I keep over 60 have done for 10 years and done many a talk on them.
See my web site in my sig


----------



## ReptileKid (Jul 7, 2008)

Zak said:


> Is a shame, why not find group of like minded people and set your own one up? No need to do anything big, just meet ups, trips to zoo's etc?
> 
> Feel free to join this one though, be a newsletter and news on events including the expo.


Think i might,
i'll be up for anything big like the expo, big talk's etc 
and have a little read of the newsletter


----------



## timberwolf (Oct 26, 2007)

Sign me up


----------



## Bexie (Dec 20, 2007)

timberwolf said:


> Sign me up


ditto!


----------



## Janine00 (Sep 20, 2008)

Hope you've already got my name down!!:whistling2:


----------



## Zak (Jan 7, 2008)

Awesome response guys. Website be up in next few days, you fill in the form on there and will recieve newsletters and updates about the society.


----------



## charlottej1983 (Oct 29, 2007)

:up::up::up:


----------



## KeepTheFaith (Feb 5, 2009)

be gooood!


----------



## mantidboywonder (Nov 15, 2006)

sign me up to


----------



## punky_jen (Feb 22, 2007)

I wana come play toooo


----------



## Roewammi (Mar 23, 2008)

and me!


----------



## wolves121121 (Mar 27, 2008)

count me in to


----------



## Jaymond (May 7, 2008)

Can I be a part-time member??? I live in Cornwall, but used to live in Kidderminster, my family still do and I'm always visiting...


----------



## Zak (Jan 7, 2008)

Jaymond said:


> Can I be a part-time member??? I live in Cornwall, but used to live in Kidderminster, my family still do and I'm always visiting...
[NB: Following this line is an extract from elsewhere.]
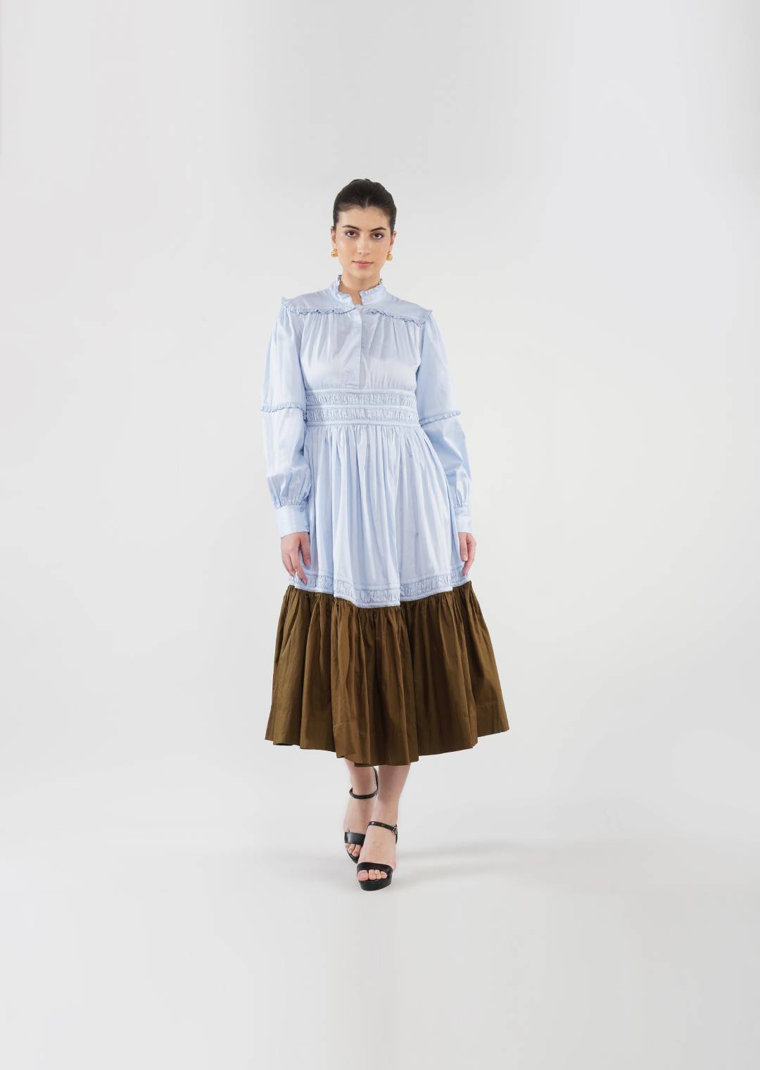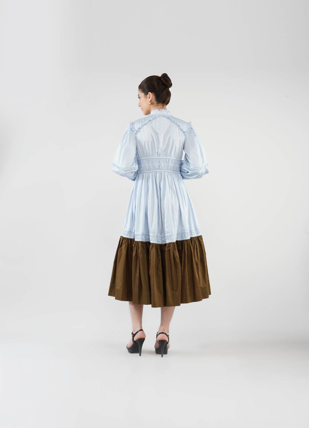 Grace meets ease in this long dress with soft frills, cinched waist, and a dual-tone design blending powder blue and brown for timeless sophistication.

Of course you can. We dont want geography to limit members. I think perhaps a distance membership is a good idea or at least some way of including as many people as possible.


----------



## Triolag (Dec 20, 2008)

I`d like to join in as well :2thumb:


----------



## zetec rob (Jan 5, 2009)

Count me in:2thumb:


----------



## Fraggle (Feb 24, 2008)

yay! count us in too : victory:


----------



## JamesJ (Apr 12, 2008)

Im just going to sort out an application form for anyone who wants to join the society, ill post the link up when its done :2thumb:


----------



## Zak (Jan 7, 2008)

Application form online. 

Welcome to the West Midland Reptile Society website


----------



## Steve L (Jun 14, 2008)

Might have a table there then woooppp


----------



## JamesJ (Apr 12, 2008)

Would be nice to see you there :2thumb:
The more breeders and people attending the better : victory:


----------



## -matty-b- (Dec 13, 2007)

just wandering why it says name and number must be shown on show entry???


----------



## shortiewba (Jan 27, 2009)

Cant wait!!!!!! Finally one by me!! wooooot :2thumb:


----------



## obie_1 (Feb 1, 2007)

Sounds good was told about this show at ravin reptiles today.


----------



## arkreptiles (Sep 26, 2007)

Count us in too!!!


----------



## charlottej1983 (Oct 29, 2007)

-matty-b- said:


> just wandering why it says name and number must be shown on show entry???


means, membership card??


----------



## punky_jen (Feb 22, 2007)

I have joined up


----------



## KeepTheFaith (Feb 5, 2009)

All done! Lucky you Charl! he he


----------



## Bexie (Dec 20, 2007)

just joined up, already got a table booked aswell. should be a good day out!


----------



## bubbles783 (Jan 6, 2009)

Signed up!


----------



## KeepTheFaith (Feb 5, 2009)

bubbles783 said:


> Signed up!


 
Busy at work again luce?? lol standard!!


----------



## bubbles783 (Jan 6, 2009)

Oh yeah, hard at it as always!


----------



## JamesJ (Apr 12, 2008)

Fair amount of people signed up over the past few days, keep the membership details rolling in :notworthy:

http://www.westmidlandreptilesociety.org/join.html


----------



## stars+sunsets (Jan 18, 2009)

Tra la! Signed up and am spreading the word. Good luck with it all and see you in good old Kiddy in August


----------



## -matty-b- (Dec 13, 2007)

charlottej1983 said:


> means, membership card??


no, i meant it sounds as if you have to be a member to get in

doesnt really matter as iv joined just incase others are confused:2thumb:


----------



## Zak (Jan 7, 2008)

-matty-b- said:


> no, i meant it sounds as if you have to be a member to get in
> 
> doesnt really matter as iv joined just incase others are confused:2thumb:


Wont need to be a member too enter show but members will get emails about other events and reduced entry to these.


----------



## JamesJ (Apr 12, 2008)

Breeder list updated :no1:
Few more people signed up to join the society :2thumb:


----------



## smokey progg (Feb 20, 2009)

well iv joined ill just have to convince dad to drive me :bash:


----------



## zetec rob (Jan 5, 2009)

I've signed up and sent all my details in via email like it says on the web site, just wondering if you got it ok?


----------



## punky_jen (Feb 22, 2007)

Do membership cards come through the post?


----------



## charlottej1983 (Oct 29, 2007)

punky_jen said:


> Do membership cards come through the post?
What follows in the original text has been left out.